A map of the Mountains of Metaphor
  "Figure 1: The Mountains of Metaphor" by Clare Williams.

The Mountains of Metaphor is an online interactive game based on Dr Williams’ PhD journey that visualises a working metaphor that she found useful. Here, she writes about how the project came into being and how it can be used by researchers as a shared visual metaphor.


It’s not often that we get the opportunity to reflect on long research projects. By this, I don’t mean writing a report for funders, or feeding back to various departments on outputs and impact. I mean, really, deeply, reflecting over a period of time about how the research has shaped us over the course of the project, and how we have grown as a result. I’m referring to the ways in which our research develops our sense of place in the community and our understanding of how we interact with it. I’m also referring to reflections that let us pass on knowledge and advice to those embarking on their own research journeys. Certainly in law there’s a startling lack of autoethnographic writing on the process of doing a PhD; a notoriously long and lonely journey even when everything is going well.[1]

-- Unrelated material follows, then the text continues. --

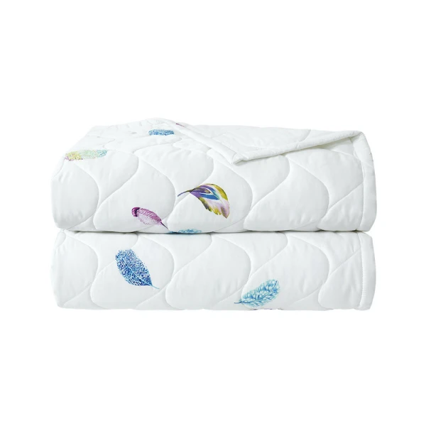 Yves Delorme's Celeste Quilted Coverlet is fresh and light. Beautiful feathers of stunning jewel tones are scattered about on crisp white cotton sateen. Wave stitching, 1 inch hem finish, polyester filling. Luxury long-staple combed organic cotton, printed sateen, 300 thread count. Made in France.

Figure 2: The metaphorical landscape gave me a way of staying grounded and focused on my eventual goal, even when life events became overwhelming

I was lucky. Despite ups and downs with the institution I was enrolled at for those nine years, I was blessed with two wonderful supervisors, without whose encouragement, support, and friendship my own PhD journey would never have been completed. But not all research projects run smoothly. Not all relationships are so supportive. However, having kind, positive metaphors can make even the most difficult of journeys bearable. In a blog post for the SLSA, I explain how shifting from the unsupportive metaphor of “snakes and ladders” to the gentler, landscape-based metaphor allowed me to be kinder to myself when things were not quite going to plan. When life events threatened to derail my progress entirely, grounding myself back in the metaphorical landscape allowed me to remain focused on my goal – the summit – while attending to the needs of the present. Sometimes, the only thing to be done was to (metaphorically) find shelter, build a fire, and wait for the storm to pass. But that needn’t be a backward step. And it certainly didn’t mean that my brain was not subconsciously pondering conundrums. If you are anxious about deadlines, worried about “lost time” to holidays or life events, then you too might be (subconsciously) using an unhelpful metaphor.

Visualising the journey

For me, the opportunity to reflect on my PhD journey came in the form of an invitation from Emily Allbon to visualise my own research journey for her site[2] I had, in fact, been doing this for years thanks to some wonderful support from my mentor who was funded through DSA, but the mountains, views, caves, cliffs, swamps, and vistas had remained firmly in my head.[3] Having passed my viva in 2019, I decided to use this opportunity as a way of both sharing my own working mental models and visual metaphors and also developing my digital art skills. So, I began sketching out the paintings along with the accompanying narrative. Happily, returning to the paintings over many months and feeling that deep internal cringe at their amateur quality was a sure sign that my skills were indeed improving. The separate pieces were then stitched together into the interactive online game format by Howard Richardson, with actor Tegan Harris bringing the narrative to life with her incredible voiceovers.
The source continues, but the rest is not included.